Nothing else about this movie, though, sticks with you at all. I like the designs of the MUTO and there are some decent action sequences featuring them. Their battle with Godzilla is also pretty good, and has plenty of flash, fireworks, and destruction. It’s the kind of battle fans want in these movies. But in a film that stretches over two hours, the monsters show up in, maybe, fifteen minutes of run time. Most of the time is spent on the humans, watching them be boring and stupid. “We need to do this to stop the monsters!” they say, over and over again when, in the end, the monsters are stopped by the other monsters and nothing the humans do matters at all. We could cut almost all the human parts out of the movie entirely and nothing of value would be lost. An hour-and-forty-five worth of footage could be on the floor and I doubt anyone would care. We’re here for the monsters, not Aaron Taylor-Johnson’s boring adventures near them.
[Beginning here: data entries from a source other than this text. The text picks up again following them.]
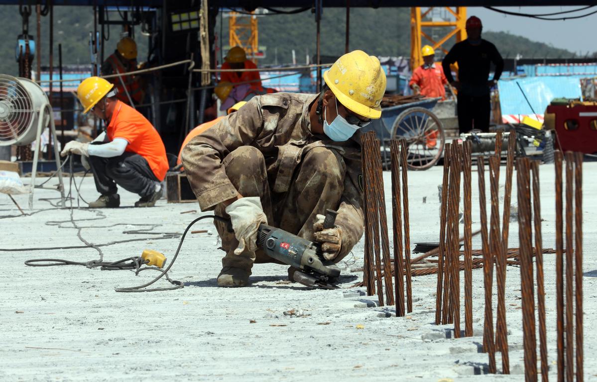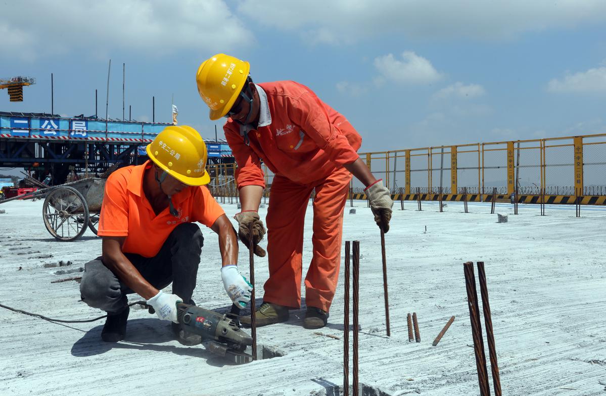 珠海近日高温预警持续生效,鸡啼门特大桥附近气象观测站点近期每日录得的最高气温都在36℃左右。中交第二公路工程局合理优化施工组织,上午11点到下午3点停止施工,并尽量将作业安排在早晨和晚间时段进行。同时为保障一线作业人员的身体健康,现场常备解暑药剂,并提供降温冰水,结合现场实际搭建遮阳棚,防止因长时间高温下作业,建设者身体出现不适。
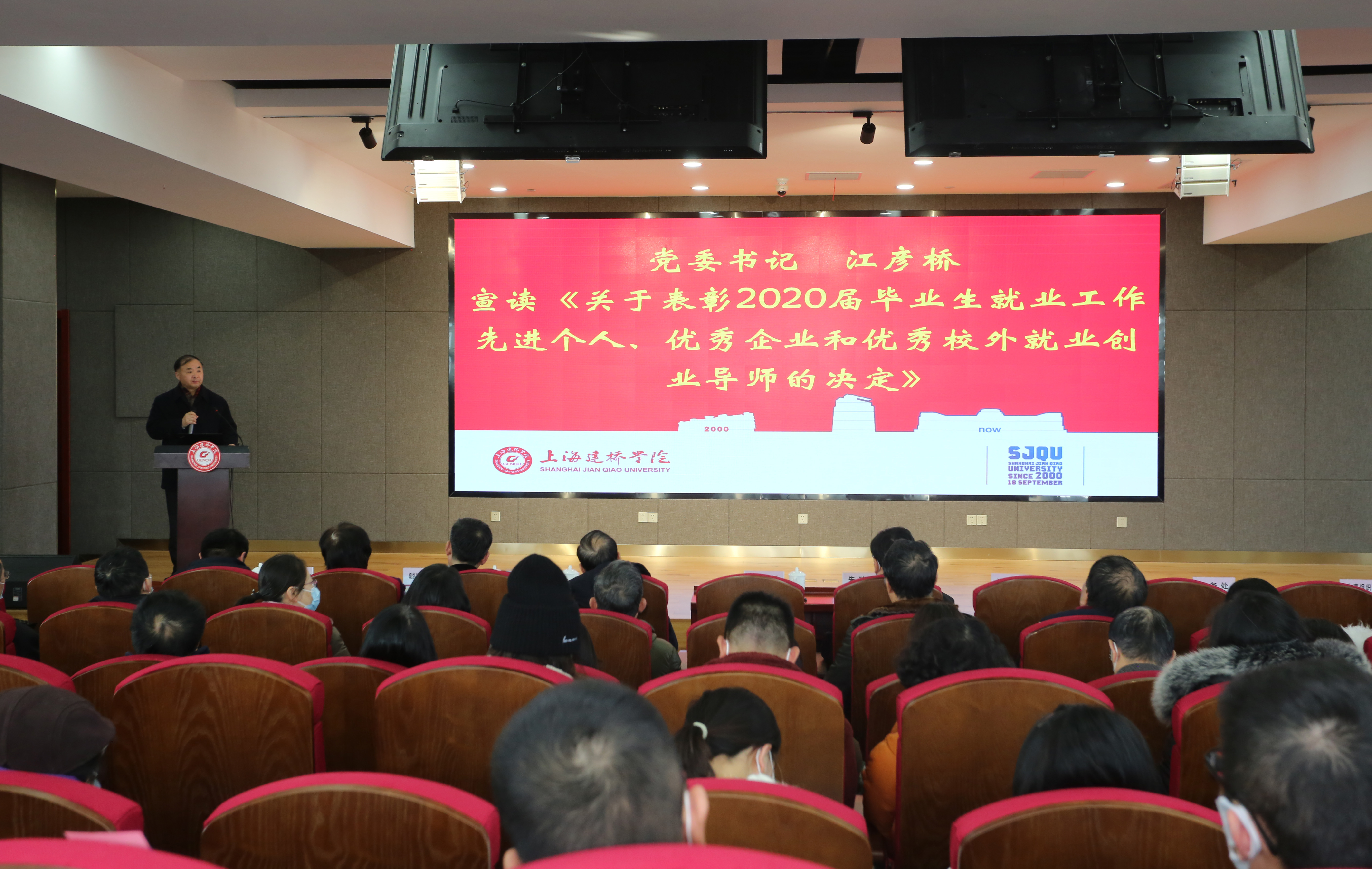 12月17日,我校2020年毕业生就业工作总结表彰会暨2021届毕业生就业工作推进会在珠宝大楼会议厅顺利举行。校长朱瑞庭,校党委书记江彦桥,副校长郑祥展、俞晓光,质量与规划办公室主任陈铮,人事处处长张宁,宣传部副部长桑正,学生处副处长王苇出席会议,各二级学院院长、教学副院长、书记、副书记、系主任,2020、2021届毕业班辅导员参加会议,学生处副处长张莉主持会议。
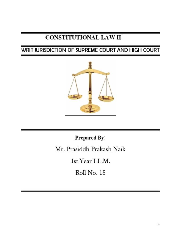 Constitutional Law Ii: Writ Jurisdiction of Supreme Court and High
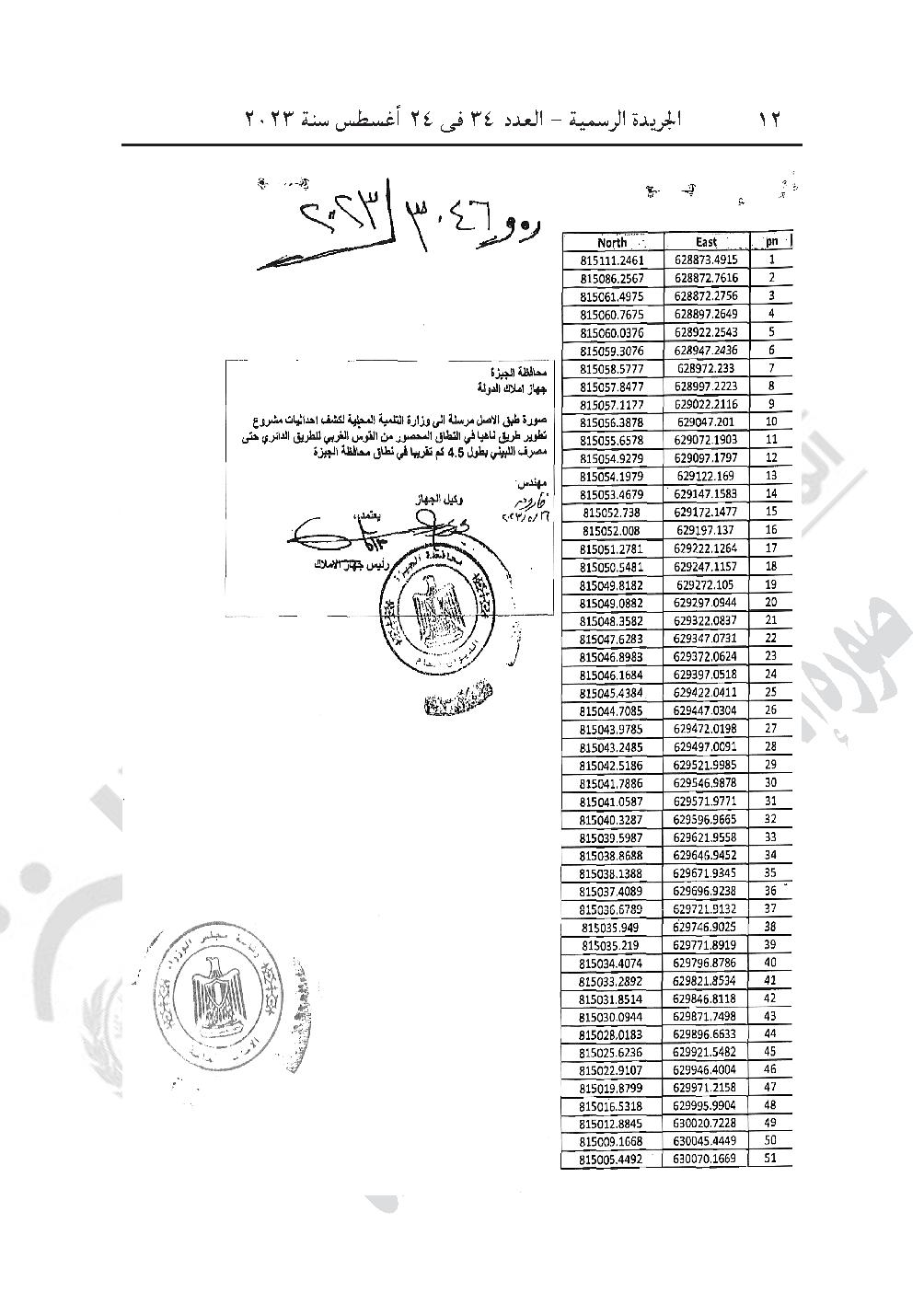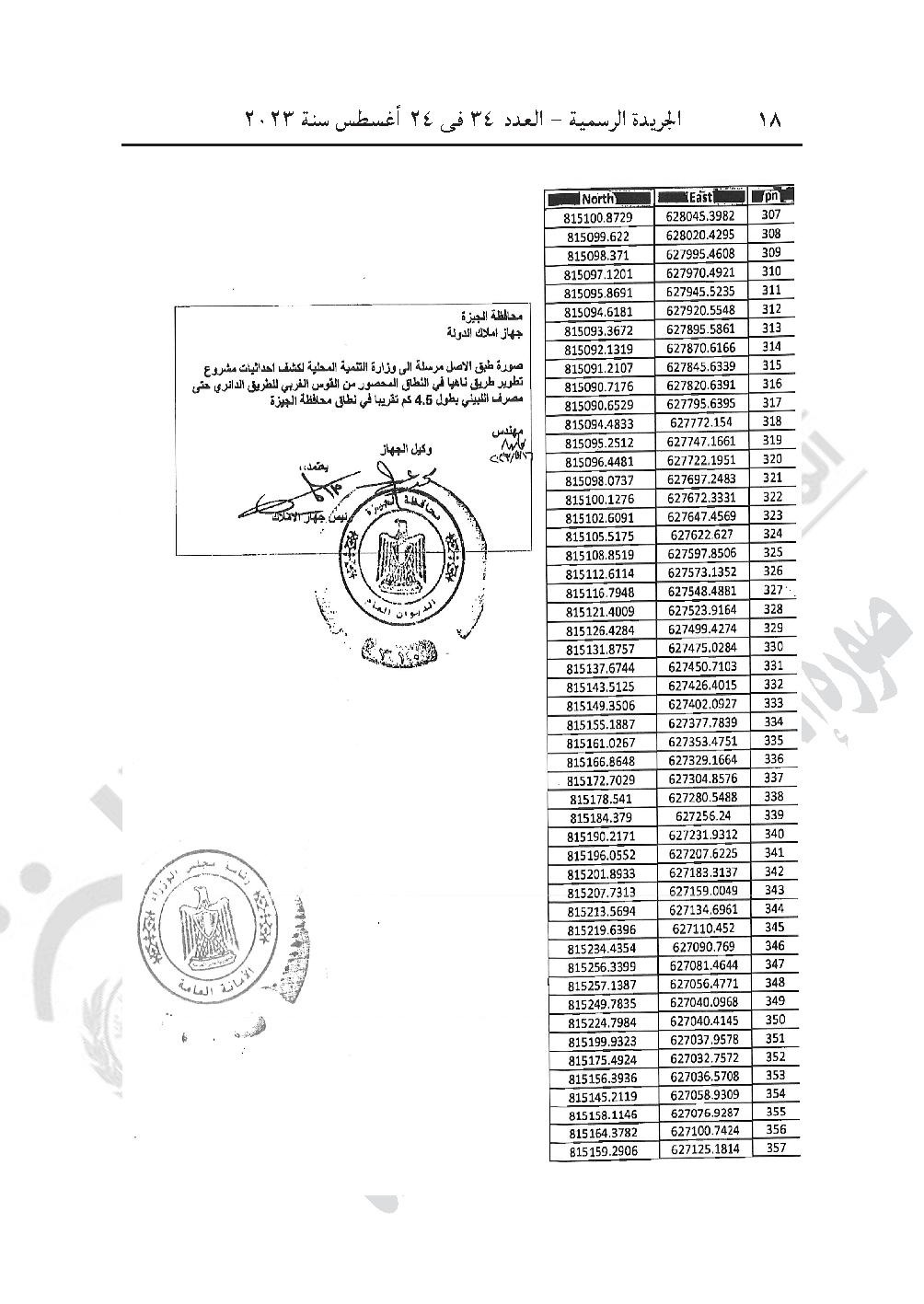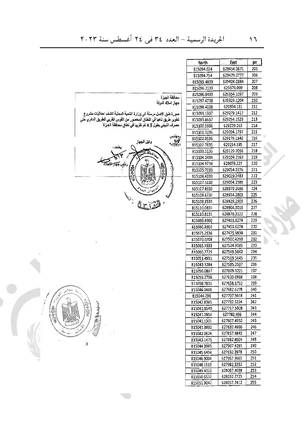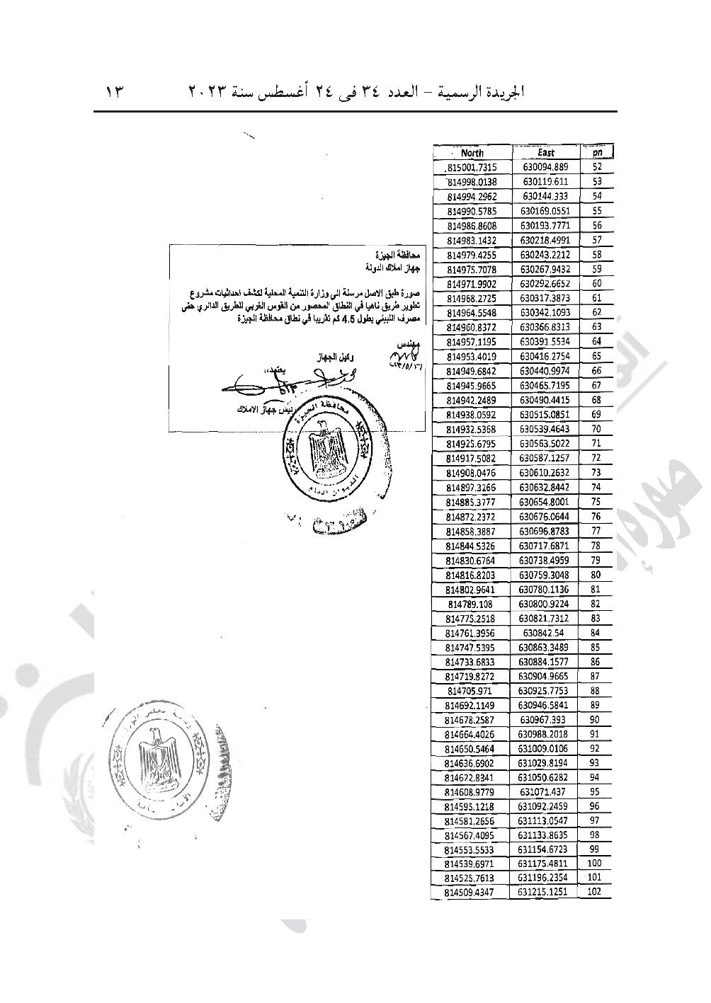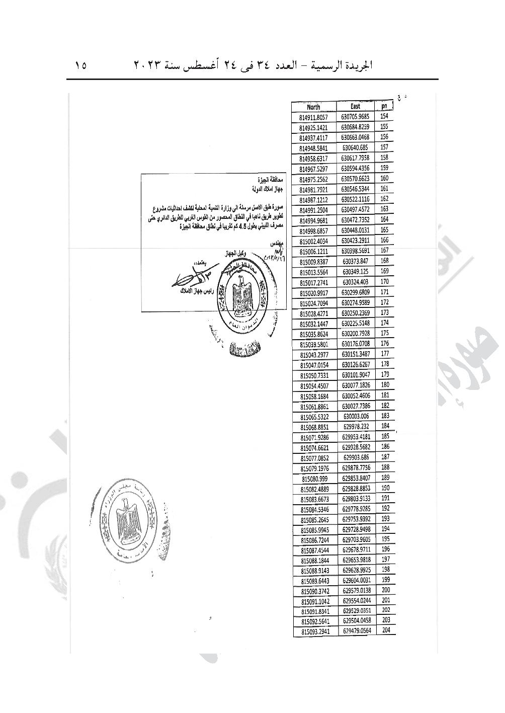 -قرار رئيس مجلس الوزراء رقـم 3046 لسنـة 2023، بشأن اعتبار مشروع تطوير طريق ناهيا فى النطاق المحصور من القوس الغربى للطريق الدائرى حتى مصرف اللبينى بطول (5.4) كم تقريبًا، لصالح محافظة الجيزة، من أعمال المنفعة العامة، وذلك على النحو الموضح بالمذكرة الإيضاحية والرسوم التخطيطية وكشوف الإحداثيات.
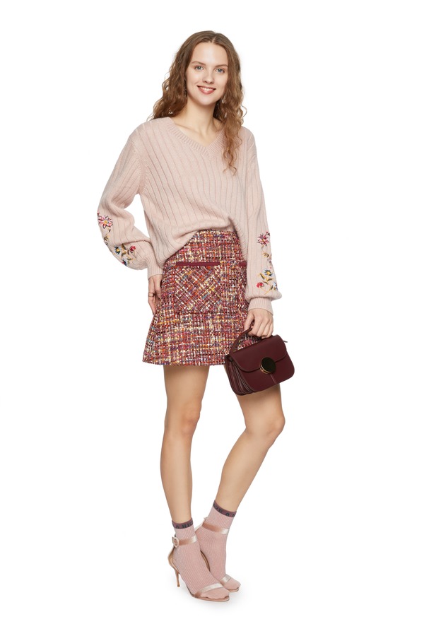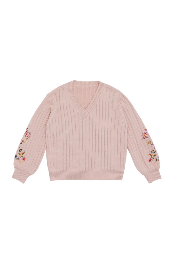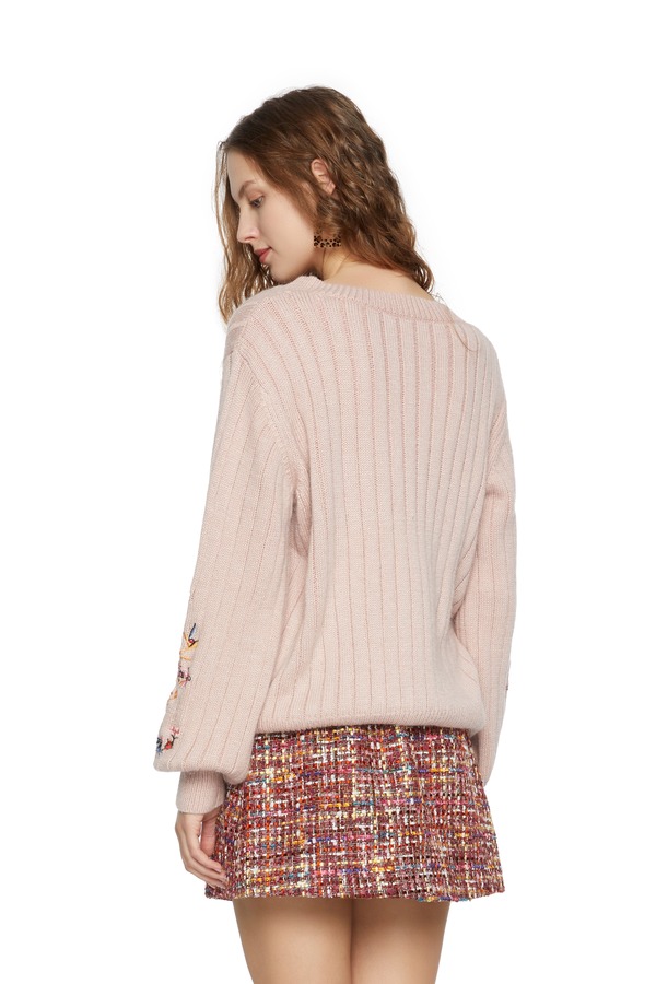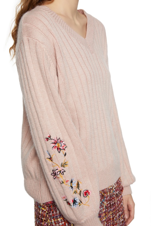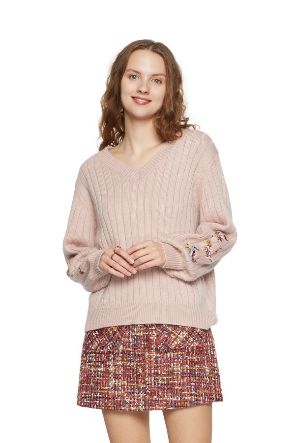 EVA OUXIU伊华欧秀 V领刺绣粉色毛衣 5746

It’s curious that this is the film we got considering how very similar to Godzilla ‘98 it is. Monsters showing up, appearing for brief moments at a time before disappearing from the film. A cast of human characters we don’t care about taking up way too much screen time. A weird plot about the monsters breeding and creating a massive, uncontrollable species. It’s like someone said, “you know, maybe that other Godzilla film wasn’t so bad,” and then doubled-down on a ton of the plot points. Going in I didn’t realize I was getting a stealth remake of Godzilla ‘98 but that’s apparently what we were getting.
Well, there was one difference between this film and that version: Godzilla ‘14 was actually successful. On a budget of $160 Mil the film made $529 Mil at the Box Office, enough to set the stage for a whole series of MonsterVerse projects. Not that most of them are any better than this film. Kong: Skull Island is watchable, but many of them are as stupid, loud, and boring as this film. And that’s a pity because there are parts that really work. Bryan Cranston is great as the wild-eyed scientist trying to prove the existence of monsters. Elizabeth Olsen is fantastic in every scene she’s given in her thankless role of support to Ford. Ken Watanabe should be in everything. There’s a movie we could craft about these characters watching the monsters as they battle and level cities, but that wasn’t the movie we got. We got the boring movie about a boring guy who keeps standing near monsters that, for some reason, we ignore.
Godzilla ‘14 is a misfire of a film. Maybe not as bad as the 1998 movie, but certainly not great either. It’s big, it’s loud, and it has a lot of money spent on its production, but that doesn’t make it good. What we got is bad… and then we got more of it after.